Reserve Studies – Does Your HOA Need One?

Reserve Study InspectionAs awareness regarding reserve studies continues to grow, many associations that have not yet commissioned one are asking themselves, “do we need one?” While this question is easy to answer in states such as Florida and Maryland which recently put into place legislation requiring reserve studies, in states without a legal requirement, the question remains. 

While reserve studies may not be legally required in most states, the fact of the matter is that commissioning a reserve study is best practice for any HOA or condominium association. Because of the complicated nature of maintaining a community both physically and financially, and the consequences that stem from deferring maintenance or reserve funding, the benefits of reserve studies are indisputable. 

One of the primary responsibilities of the board of directors is to protect, maintain, and enhance the assets of the community association they serve. To accomplish this objective, associations must develop multi-year plans that help them understand their long-term budget needs and, at the same time, anticipate and responsibly prepare for the timely repair and replacement of common area components such as roofs, roads, mechanical equipment, and other portions of the community’s common elements.

In most cases, these tasks are not able to be accurately achieved without professional guidance. Reserve studies lay out a comprehensive, 30-year plan that does just that. By inspecting each common element and determining useful lives and remaining useful lives, your reserve study consultant is able to determine when components will need repair or replacement, and in which order these projects should take place. 

Of course, these projects are often a significant financial undertaking. Acting primarily as a capital planning tool, reserve studies allow associations to gain an understanding of both their current and ideal future reserve fund needs. Along with the physical inspection, reserve study professionals dive into the current financial status of your association’s reserve funds, and using the data collected during the physical inspection, determine how the association should go about funding reserves and projects in the future. 

With a firm understanding of current supply chain and market conditions and the ability to determine how much each capital project will approximately cost, this information is used to lay out a 30-year capital plan for both expenditures and reserve fund savings, both of which take inflation into account. 

If an association is not currently adequately funded, a reserve study will act as a detailed blueprint for the association to follow which allows for funding levels to reach the point where necessary maintenance does not have to be deferred and/or additional assessments are minimized. This ensures that the community’s value does not depreciate, as well as the overall safety of the community and its residents. 

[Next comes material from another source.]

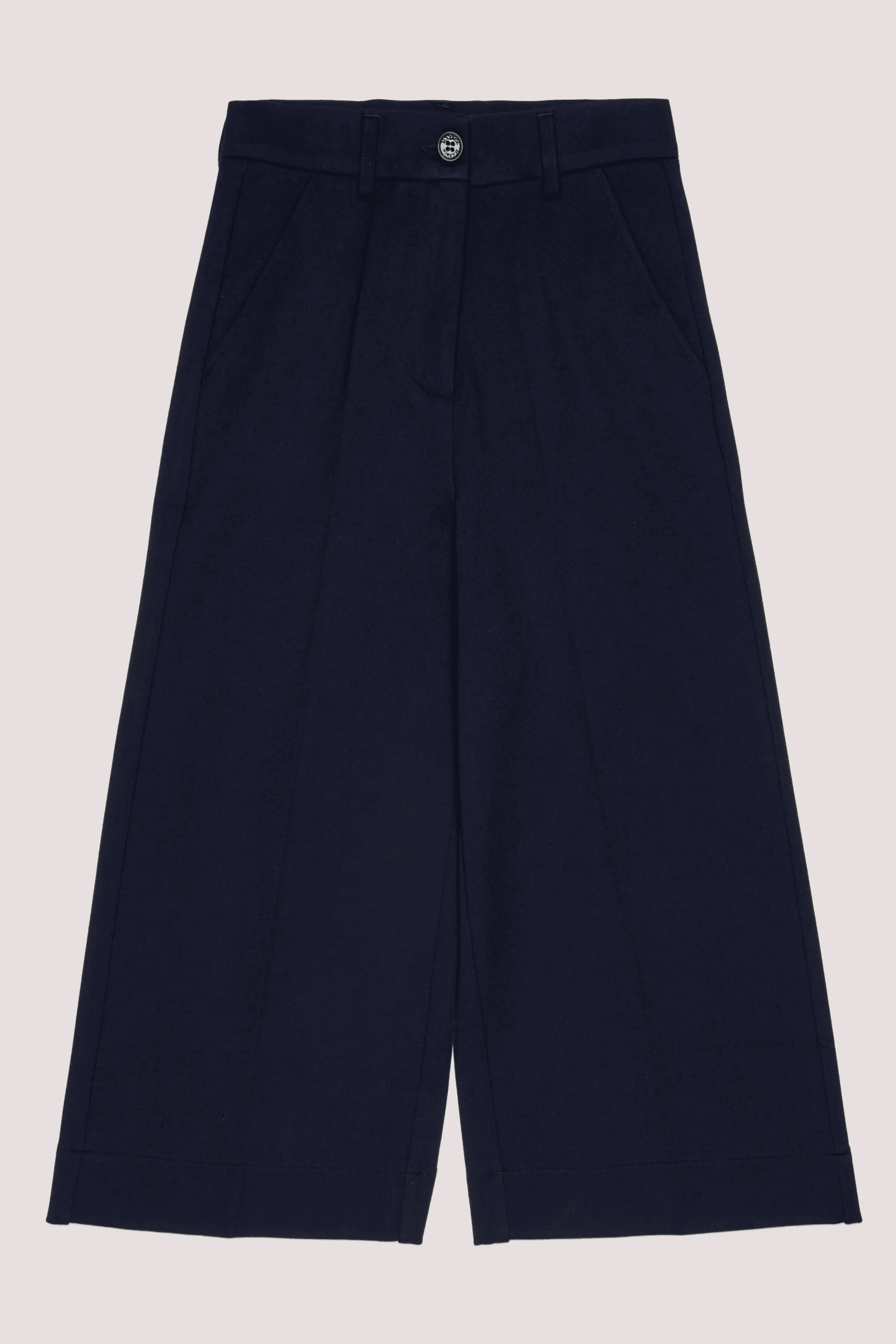 Pantaloni con logo e taglio cropped a gamba ampia. Presentano una costruzione sartoriale con piega stirata e patch con logo applicata sul retro.Chiusura frontale con bottone e zipGamba ampia con fondo drittoTasche lateraliPatch con logo applicata sul retro

However, whatever the current financial or physical status of a community may be, a reserve study provides endless benefits. Without a reserve study on hand, an HOA is flying blind into its future. To set its course, the HOA has a fiduciary responsibility to hire an independent reserve study company to produce a well-documented plan that benefits current and future boards. 

Property managers come and go, board members frequently change, and an existing reserve study is there to help new decision-makers understand the logic or reasoning behind earlier choices. A professional reserve study company will be available to discuss its work, the methodology used, and considerations that went into the study years after it was conducted. Additionally, reserve study specialists can support HOA boards by providing periodic updates to the original reserve study, ensuring the association remains on track.

So the answer to this question is, put simply, yes. Community associations of any type will find that a reserve study strengthens the community’s current and future physical and financial health. Running a community is hard work, but you never have to go it alone.